What to do: Copying rule for the data below: pictures stay out, and only the lines from the one with "A cross-plane crankshaft does" down to the one with "2月19日18时许,昭苏执法", inclusive, are repeated exactly.

Data shown:
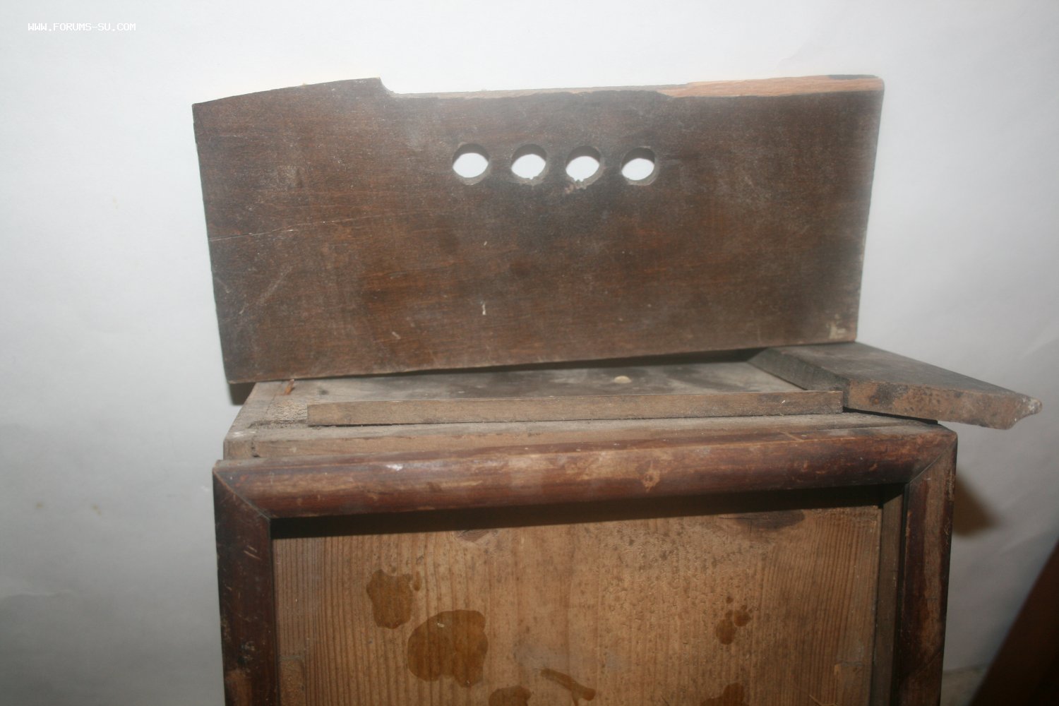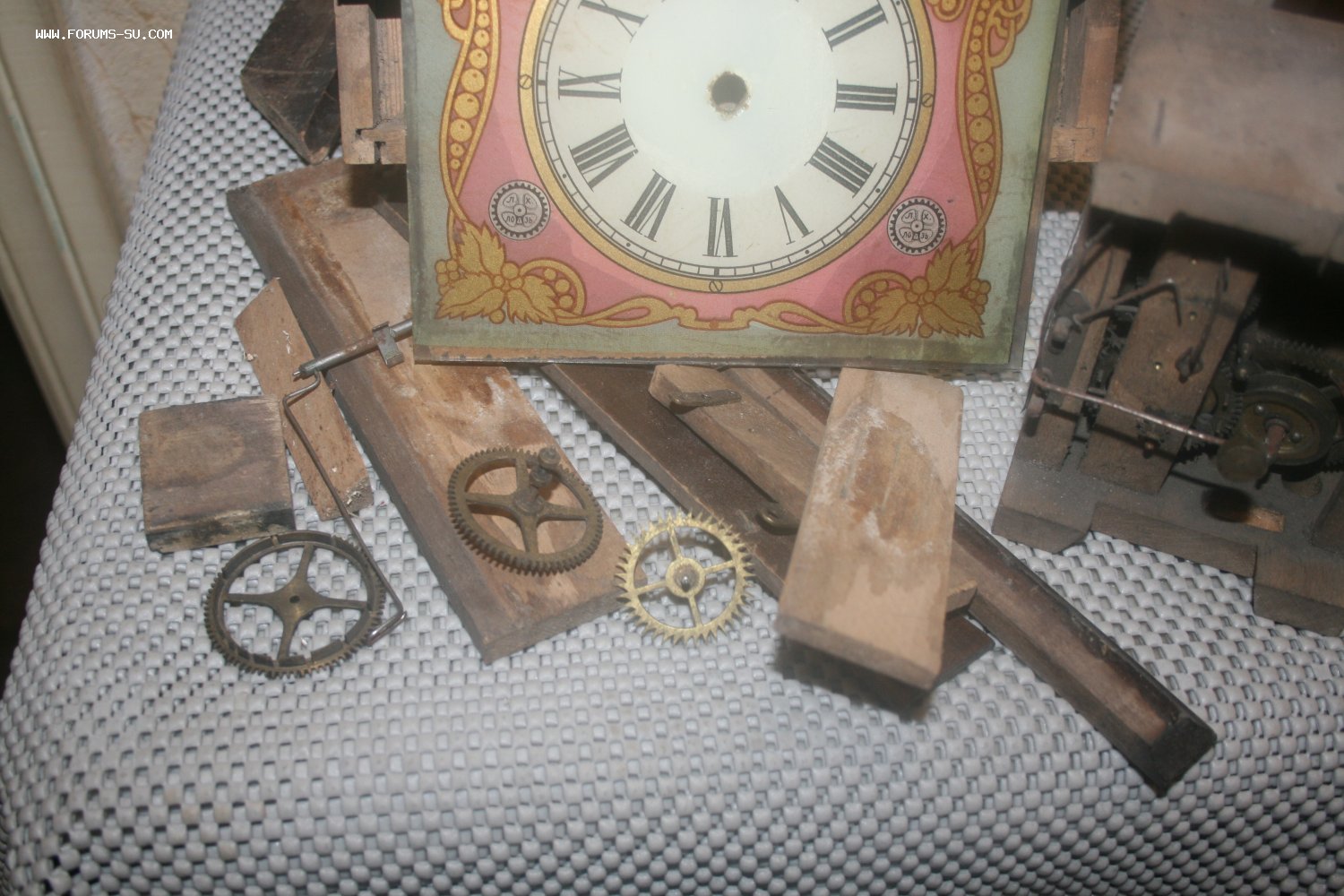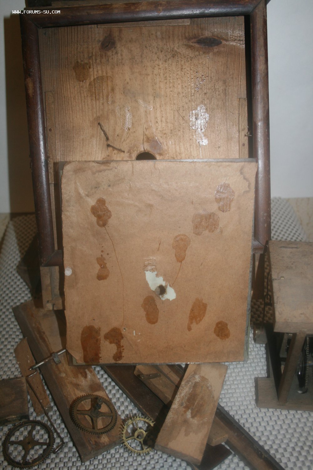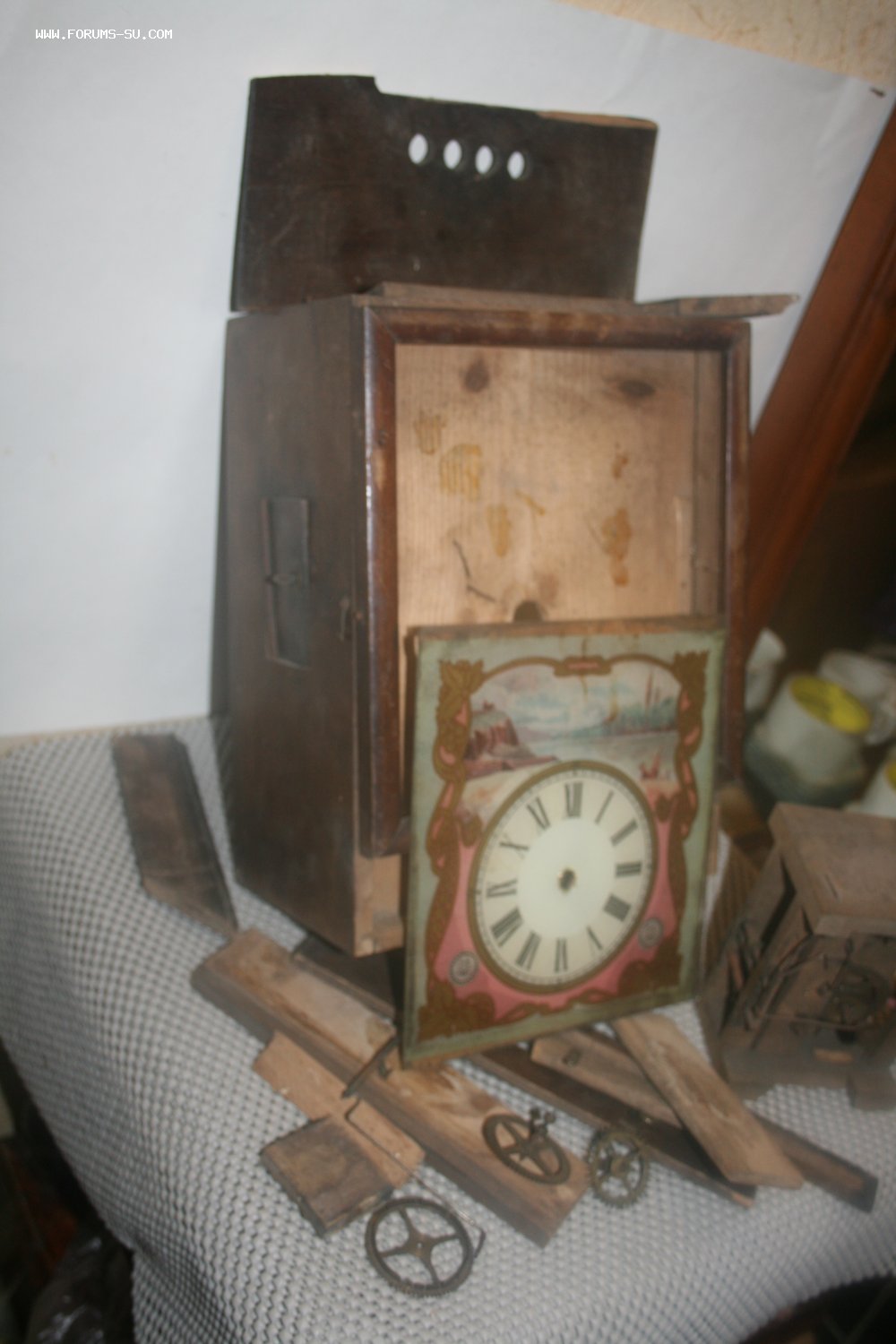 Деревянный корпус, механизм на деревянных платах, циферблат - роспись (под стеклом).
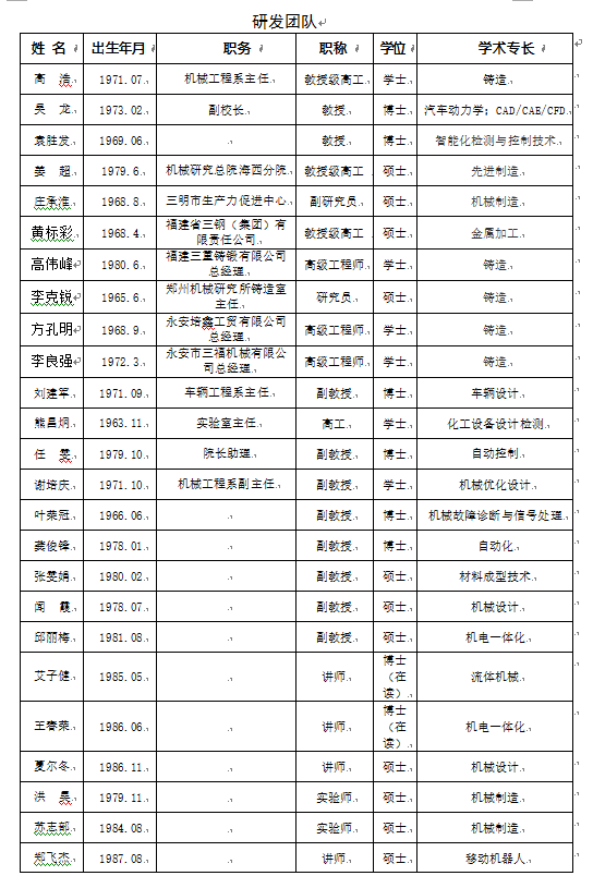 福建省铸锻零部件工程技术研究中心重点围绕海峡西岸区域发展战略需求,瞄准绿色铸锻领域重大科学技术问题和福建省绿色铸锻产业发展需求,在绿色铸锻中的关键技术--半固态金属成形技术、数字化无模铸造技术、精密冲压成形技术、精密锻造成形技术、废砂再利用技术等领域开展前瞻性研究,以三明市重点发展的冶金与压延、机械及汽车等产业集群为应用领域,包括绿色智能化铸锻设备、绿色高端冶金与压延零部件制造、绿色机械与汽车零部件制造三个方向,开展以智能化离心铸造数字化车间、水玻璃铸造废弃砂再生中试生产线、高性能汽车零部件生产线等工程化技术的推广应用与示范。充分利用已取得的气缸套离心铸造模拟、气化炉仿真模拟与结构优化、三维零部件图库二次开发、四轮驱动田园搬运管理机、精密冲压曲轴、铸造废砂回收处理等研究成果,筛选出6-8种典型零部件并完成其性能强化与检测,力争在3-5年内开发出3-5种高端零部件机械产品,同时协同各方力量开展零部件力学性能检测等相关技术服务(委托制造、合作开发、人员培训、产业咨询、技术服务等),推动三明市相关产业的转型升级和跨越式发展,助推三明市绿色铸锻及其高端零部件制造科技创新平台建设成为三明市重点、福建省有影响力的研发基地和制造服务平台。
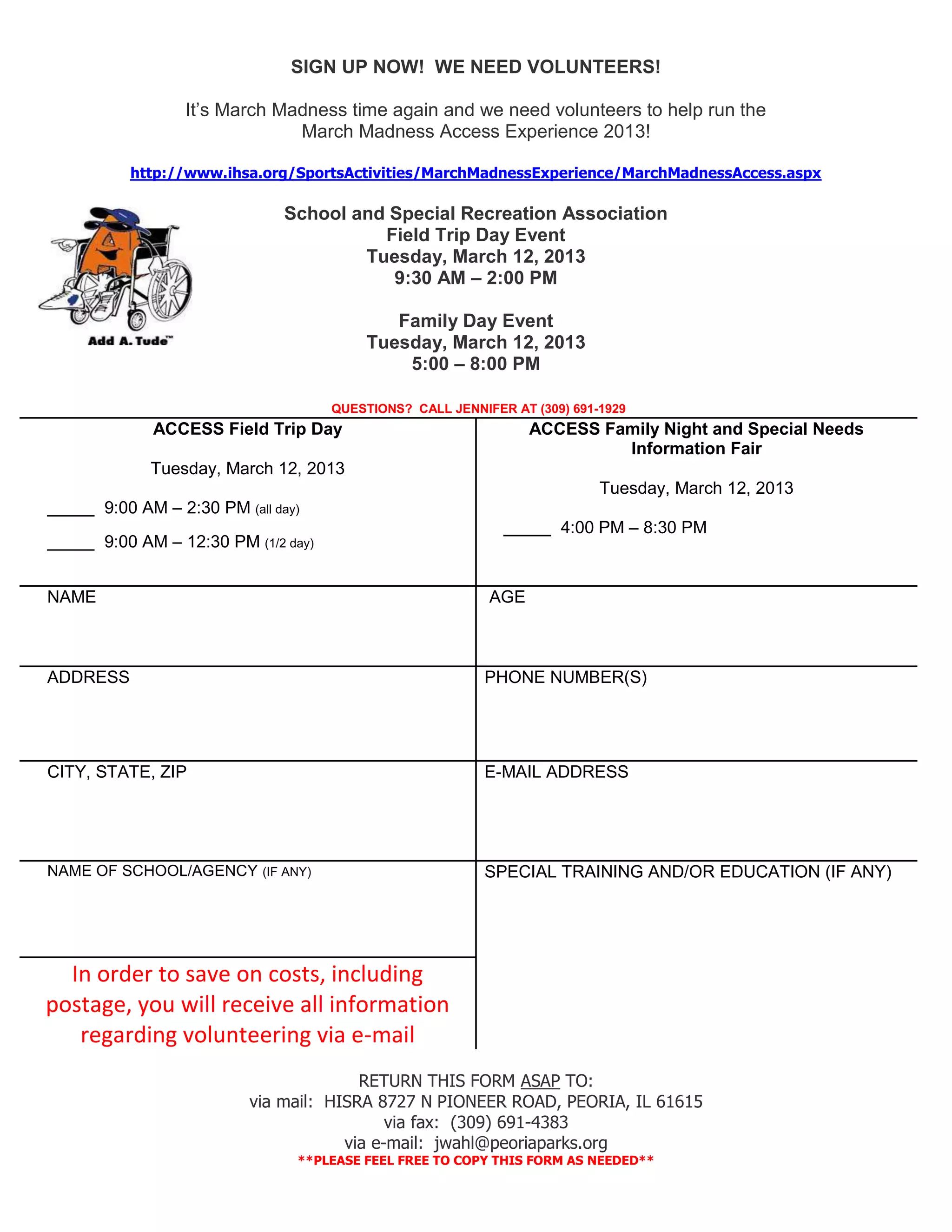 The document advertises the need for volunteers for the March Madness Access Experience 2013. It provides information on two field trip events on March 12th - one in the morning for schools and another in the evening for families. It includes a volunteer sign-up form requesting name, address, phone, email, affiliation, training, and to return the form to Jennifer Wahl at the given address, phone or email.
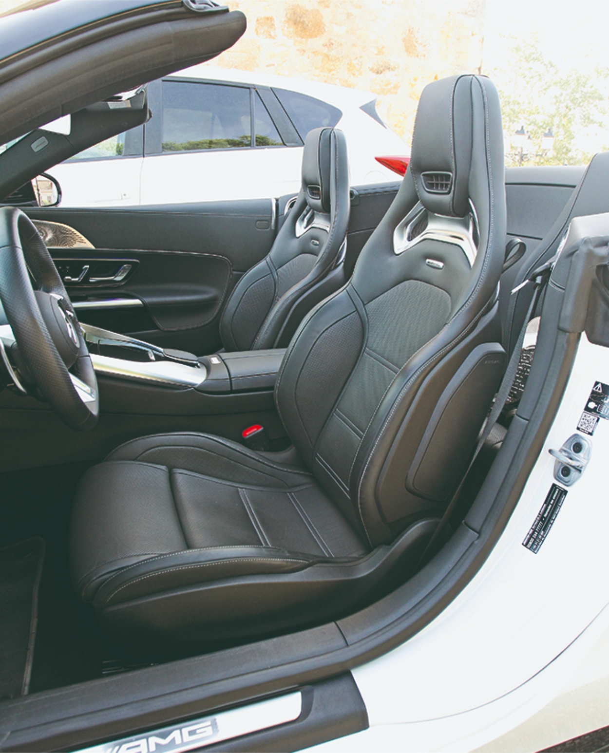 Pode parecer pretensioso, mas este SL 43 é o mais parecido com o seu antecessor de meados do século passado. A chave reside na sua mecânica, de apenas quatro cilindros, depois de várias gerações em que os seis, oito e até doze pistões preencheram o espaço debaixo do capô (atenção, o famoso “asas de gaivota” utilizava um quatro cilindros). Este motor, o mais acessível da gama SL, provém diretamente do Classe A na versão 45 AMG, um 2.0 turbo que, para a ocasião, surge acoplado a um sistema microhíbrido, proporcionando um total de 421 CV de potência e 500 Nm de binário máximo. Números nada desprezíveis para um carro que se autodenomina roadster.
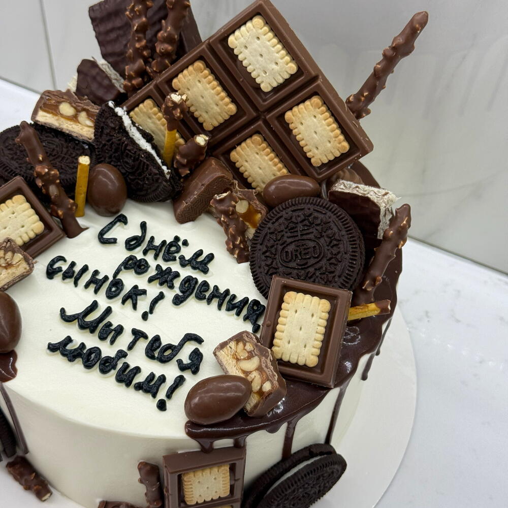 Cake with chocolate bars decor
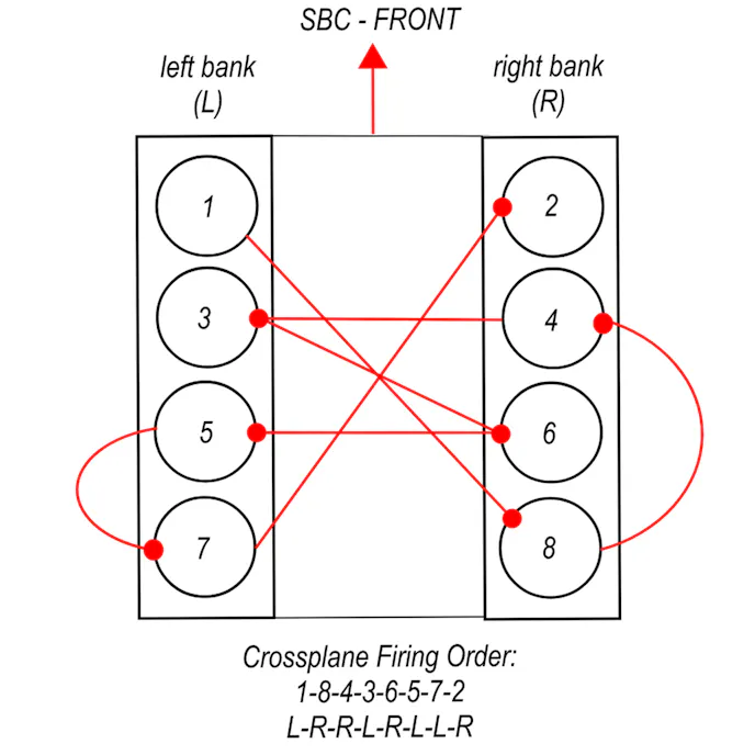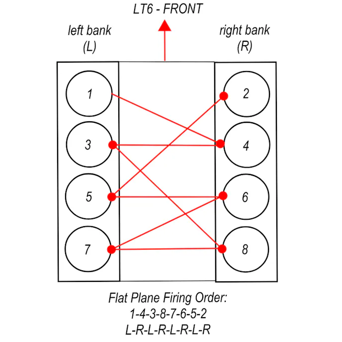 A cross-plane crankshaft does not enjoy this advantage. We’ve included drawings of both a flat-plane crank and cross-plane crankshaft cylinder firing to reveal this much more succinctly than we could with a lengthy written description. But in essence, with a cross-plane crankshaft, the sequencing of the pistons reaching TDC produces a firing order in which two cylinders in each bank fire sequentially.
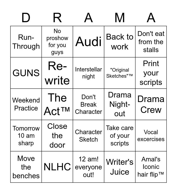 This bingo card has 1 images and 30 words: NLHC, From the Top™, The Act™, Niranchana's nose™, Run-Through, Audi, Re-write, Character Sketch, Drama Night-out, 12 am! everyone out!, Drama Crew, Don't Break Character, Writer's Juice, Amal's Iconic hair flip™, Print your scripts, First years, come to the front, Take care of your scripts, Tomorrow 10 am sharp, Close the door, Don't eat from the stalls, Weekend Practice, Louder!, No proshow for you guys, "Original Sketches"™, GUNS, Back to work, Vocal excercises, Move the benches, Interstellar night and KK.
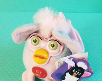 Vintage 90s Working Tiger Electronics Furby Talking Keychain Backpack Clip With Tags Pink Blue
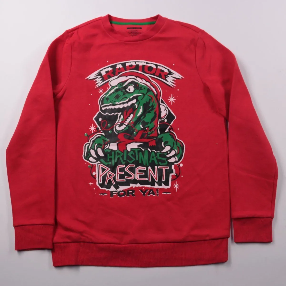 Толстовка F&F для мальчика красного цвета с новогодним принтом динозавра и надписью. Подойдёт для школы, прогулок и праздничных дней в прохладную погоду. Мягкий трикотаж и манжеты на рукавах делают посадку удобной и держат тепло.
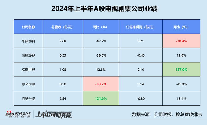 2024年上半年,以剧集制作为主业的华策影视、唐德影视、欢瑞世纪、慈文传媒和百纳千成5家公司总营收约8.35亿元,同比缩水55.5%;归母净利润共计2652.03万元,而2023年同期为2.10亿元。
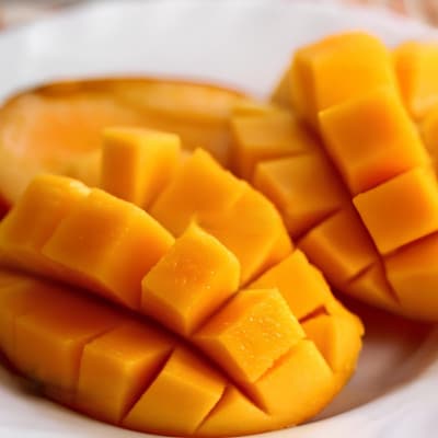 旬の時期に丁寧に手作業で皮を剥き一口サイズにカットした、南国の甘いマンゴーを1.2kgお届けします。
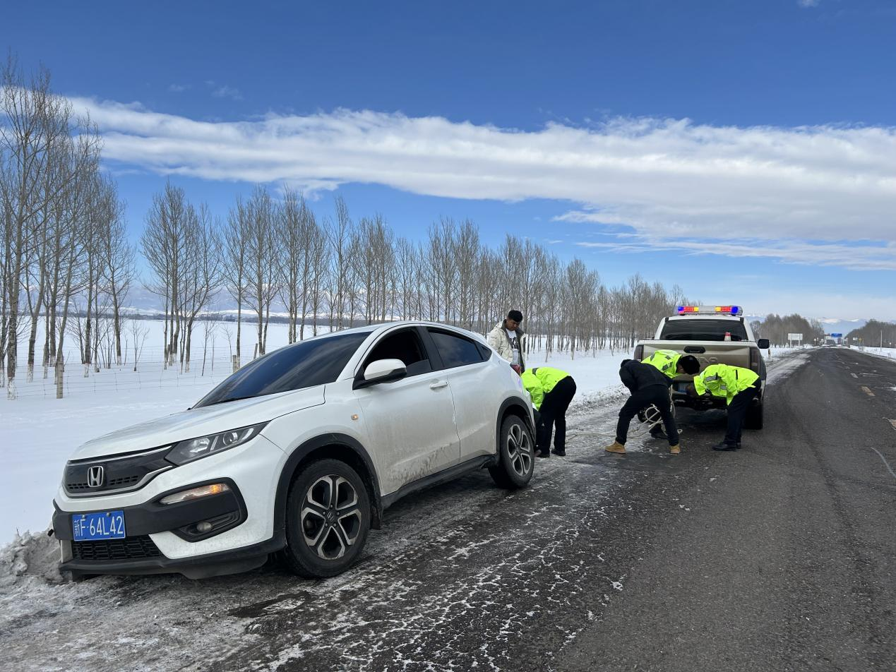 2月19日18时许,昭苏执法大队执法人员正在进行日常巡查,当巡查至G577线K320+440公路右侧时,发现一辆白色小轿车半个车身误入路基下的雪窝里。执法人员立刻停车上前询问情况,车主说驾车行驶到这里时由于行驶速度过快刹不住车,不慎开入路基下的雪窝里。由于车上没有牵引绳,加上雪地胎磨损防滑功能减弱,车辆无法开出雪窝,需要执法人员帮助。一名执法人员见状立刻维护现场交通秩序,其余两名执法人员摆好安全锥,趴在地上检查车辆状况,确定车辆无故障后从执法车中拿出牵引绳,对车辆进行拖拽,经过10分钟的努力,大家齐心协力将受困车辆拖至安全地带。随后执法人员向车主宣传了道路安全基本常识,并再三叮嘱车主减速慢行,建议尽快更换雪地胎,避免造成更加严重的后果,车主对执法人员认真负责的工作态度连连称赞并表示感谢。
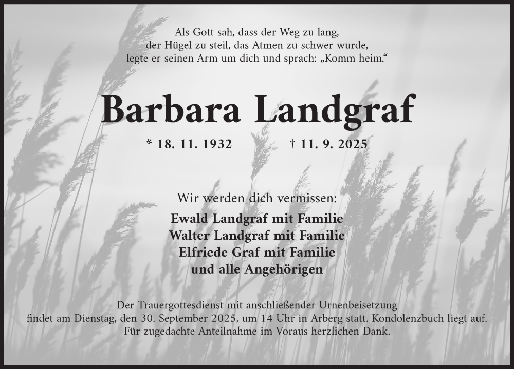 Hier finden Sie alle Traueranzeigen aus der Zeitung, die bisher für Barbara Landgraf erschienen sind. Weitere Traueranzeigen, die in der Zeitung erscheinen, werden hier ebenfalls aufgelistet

Solution for this task:
 A cross-plane crankshaft does not enjoy this advantage. We’ve included drawings of both a flat-plane crank and cross-plane crankshaft cylinder firing to reveal this much more succinctly than we could with a lengthy written description. But in essence, with a cross-plane crankshaft, the sequencing of the pistons reaching TDC produces a firing order in which two cylinders in each bank fire sequentially.
 This bingo card has 1 images and 30 words: NLHC, From the Top™, The Act™, Niranchana's nose™, Run-Through, Audi, Re-write, Character Sketch, Drama Night-out, 12 am! everyone out!, Drama Crew, Don't Break Character, Writer's Juice, Amal's Iconic hair flip™, Print your scripts, First years, come to the front, Take care of your scripts, Tomorrow 10 am sharp, Close the door, Don't eat from the stalls, Weekend Practice, Louder!, No proshow for you guys, "Original Sketches"™, GUNS, Back to work, Vocal excercises, Move the benches, Interstellar night and KK.
 Vintage 90s Working Tiger Electronics Furby Talking Keychain Backpack Clip With Tags Pink Blue
 Толстовка F&F для мальчика красного цвета с новогодним принтом динозавра и надписью. Подойдёт для школы, прогулок и праздничных дней в прохладную погоду. Мягкий трикотаж и манжеты на рукавах делают посадку удобной и держат тепло.
 2024年上半年,以剧集制作为主业的华策影视、唐德影视、欢瑞世纪、慈文传媒和百纳千成5家公司总营收约8.35亿元,同比缩水55.5%;归母净利润共计2652.03万元,而2023年同期为2.10亿元。
 旬の時期に丁寧に手作業で皮を剥き一口サイズにカットした、南国の甘いマンゴーを1.2kgお届けします。
 2月19日18时许,昭苏执法大队执法人员正在进行日常巡查,当巡查至G577线K320+440公路右侧时,发现一辆白色小轿车半个车身误入路基下的雪窝里。执法人员立刻停车上前询问情况,车主说驾车行驶到这里时由于行驶速度过快刹不住车,不慎开入路基下的雪窝里。由于车上没有牵引绳,加上雪地胎磨损防滑功能减弱,车辆无法开出雪窝,需要执法人员帮助。一名执法人员见状立刻维护现场交通秩序,其余两名执法人员摆好安全锥,趴在地上检查车辆状况,确定车辆无故障后从执法车中拿出牵引绳,对车辆进行拖拽,经过10分钟的努力,大家齐心协力将受困车辆拖至安全地带。随后执法人员向车主宣传了道路安全基本常识,并再三叮嘱车主减速慢行,建议尽快更换雪地胎,避免造成更加严重的后果,车主对执法人员认真负责的工作态度连连称赞并表示感谢。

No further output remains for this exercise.